§ **Task to carry out**:
Reproduce the data exactly and drop any pictures it holds.

++++++++++++++++++++

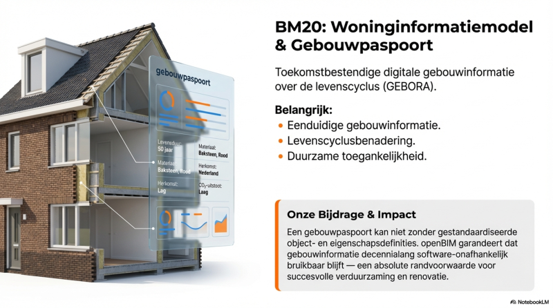 Een gebouwpaspoort vraagt om gestandaardiseerde object- en eigenschapsdefinities. OpenBIM en internationale datamodellen maken het mogelijk om gebouwinformatie software-onafhankelijk en langdurig bruikbaar te houden — essentieel voor verduurzaming en renovatieopgaven.
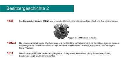In unserem Inforaum bieten wir eine interaktive Präsentation über die Burg Lüdinghausen an. Sie informiert über die
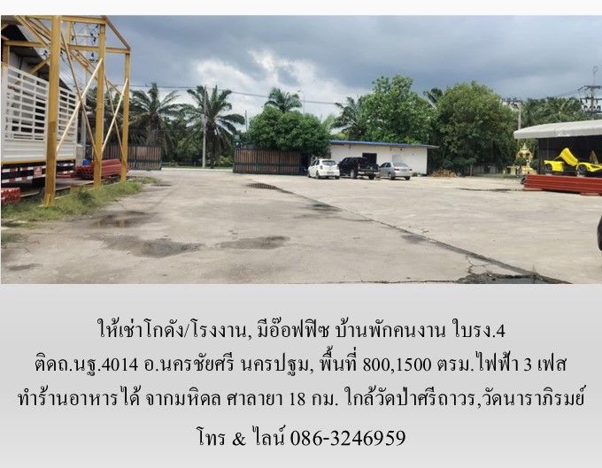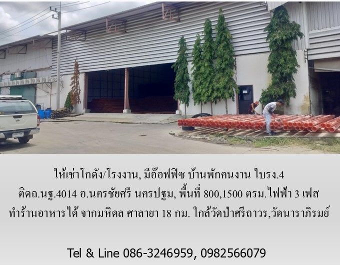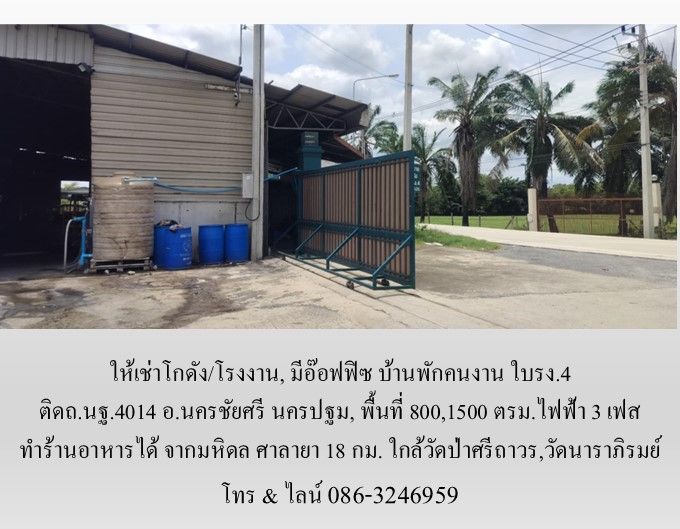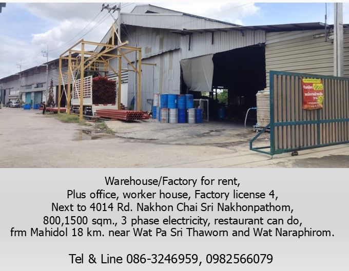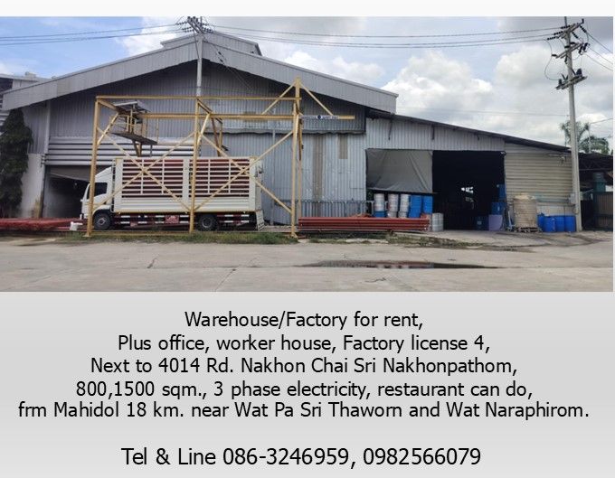 Warehouse/Factory for rent, office, worker house, Factory license 4, 4014 Rd. Nakhon Chai Sri Nakhonpathom,800,1500 sqm., 3 phase electricity, restaurant can do, frm Mahidol 18 km. near Wat Pa Sri Thaworn and Wat Naraphirom.
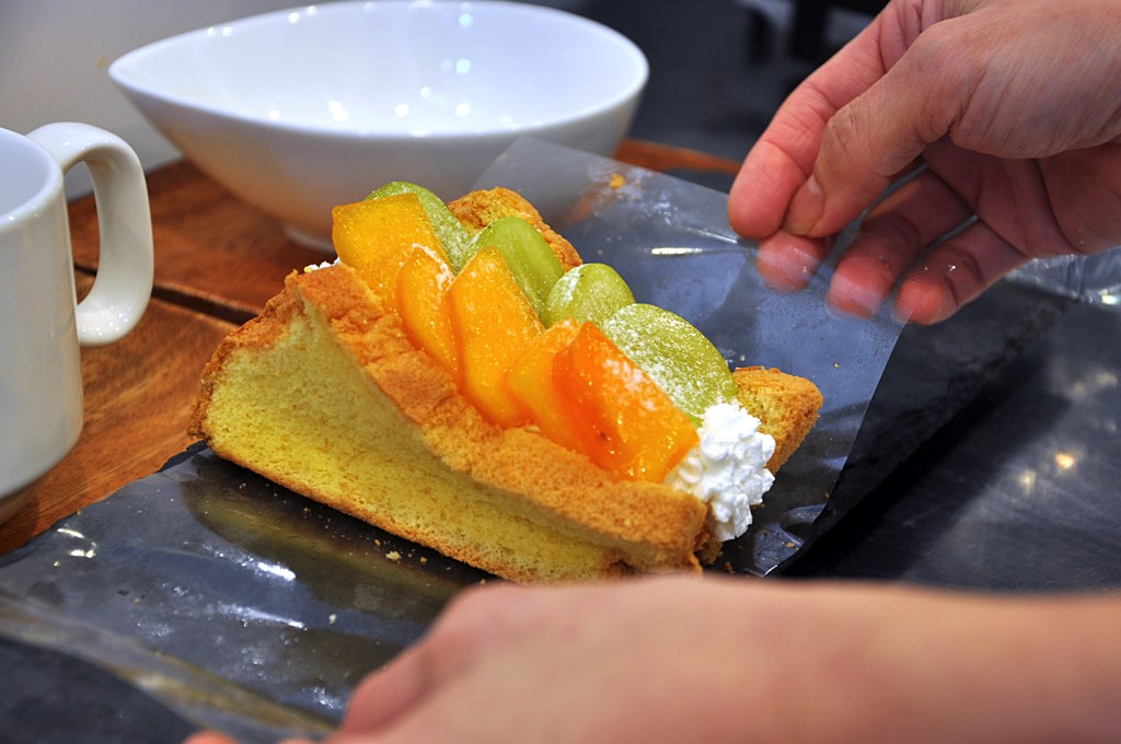 ひと口食べれば、フレッシュフルーツの自然な甘みとジューシーな旨味がジュワ~と広がり、まろやかでさっぱりとしたクリームたちがほわほわシフォンと共に包み込む。
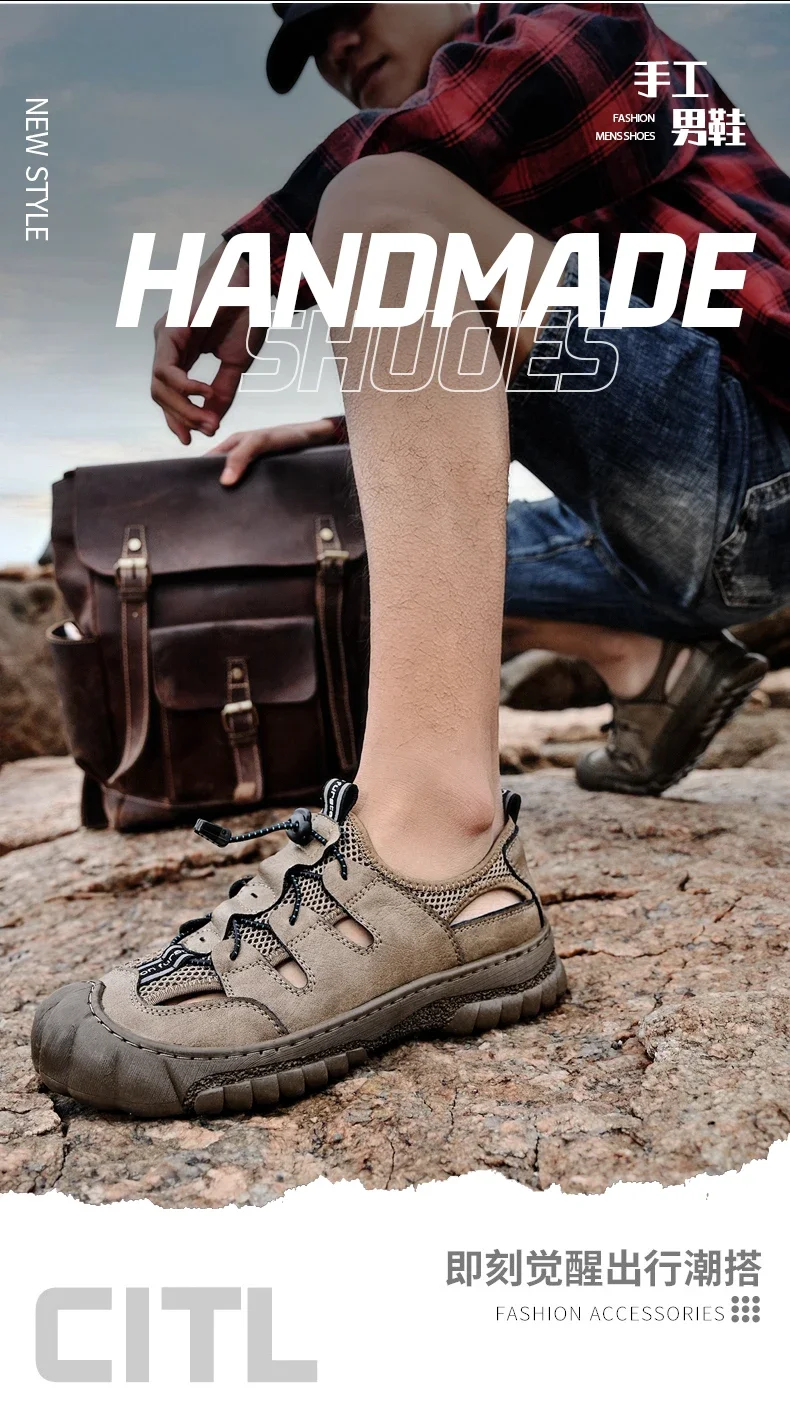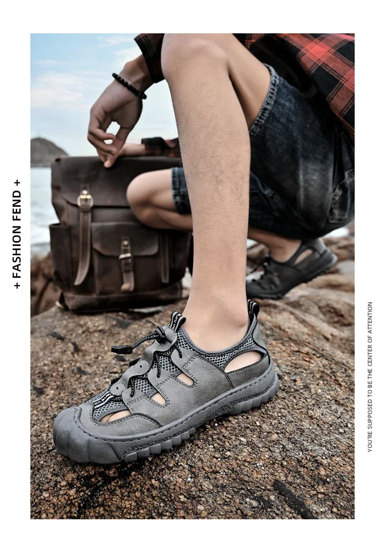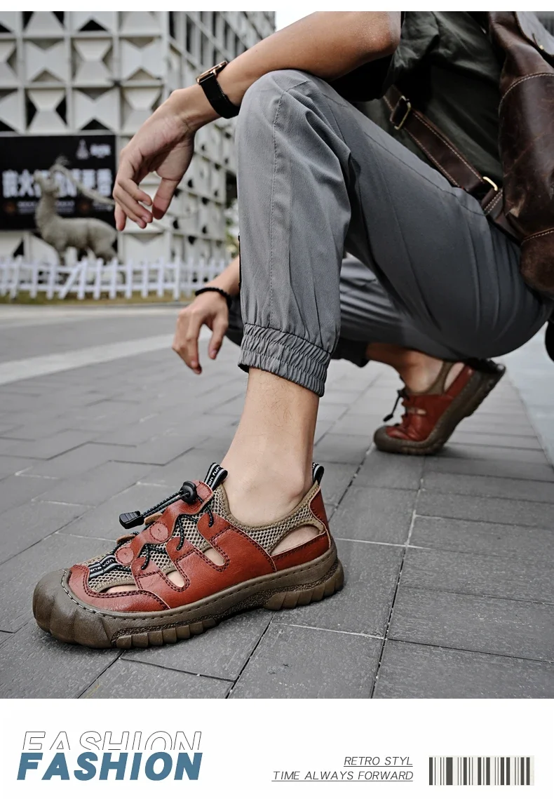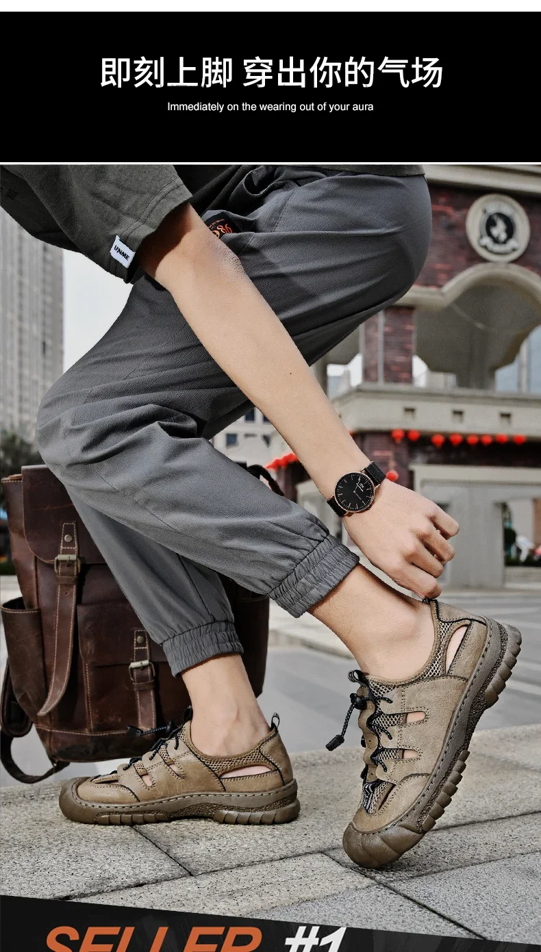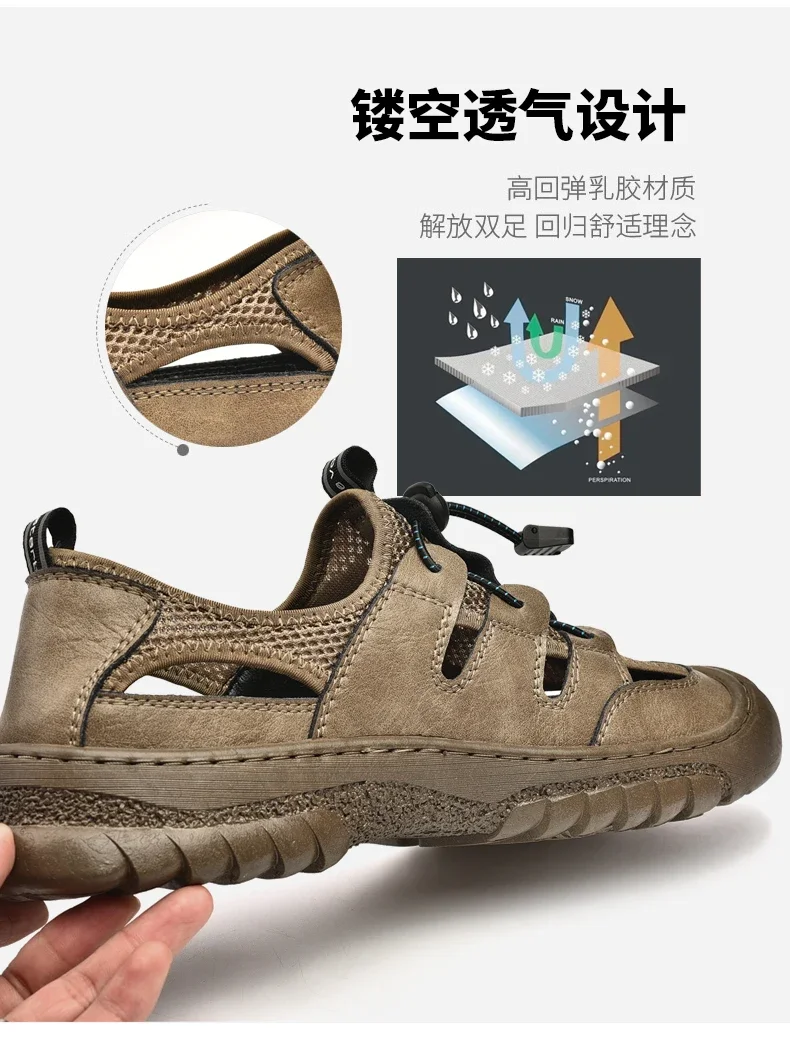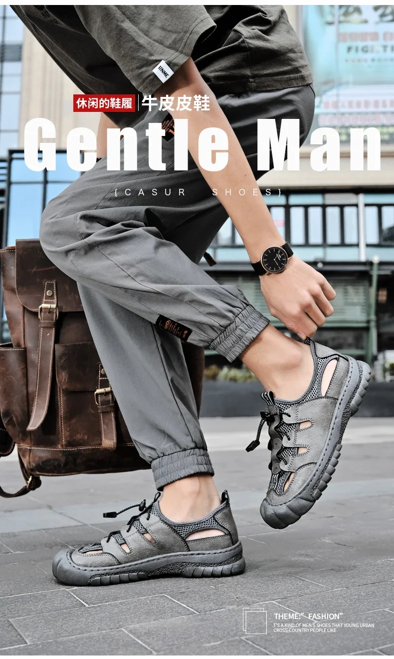 2025 Summer Men Sandals Genuine Leather Mens Casual Shoes Outdoor Men Leather Sandals for Men Beach Shoes Roman mens Shoes

++++++++++++++++++++

§ **Solution to this task**:
 Een gebouwpaspoort vraagt om gestandaardiseerde object- en eigenschapsdefinities. OpenBIM en internationale datamodellen maken het mogelijk om gebouwinformatie software-onafhankelijk en langdurig bruikbaar te houden — essentieel voor verduurzaming en renovatieopgaven.
In unserem Inforaum bieten wir eine interaktive Präsentation über die Burg Lüdinghausen an. Sie informiert über die
 Warehouse/Factory for rent, office, worker house, Factory license 4, 4014 Rd. Nakhon Chai Sri Nakhonpathom,800,1500 sqm., 3 phase electricity, restaurant can do, frm Mahidol 18 km. near Wat Pa Sri Thaworn and Wat Naraphirom.
 ひと口食べれば、フレッシュフルーツの自然な甘みとジューシーな旨味がジュワ~と広がり、まろやかでさっぱりとしたクリームたちがほわほわシフォンと共に包み込む。
 2025 Summer Men Sandals Genuine Leather Mens Casual Shoes Outdoor Men Leather Sandals for Men Beach Shoes Roman mens Shoes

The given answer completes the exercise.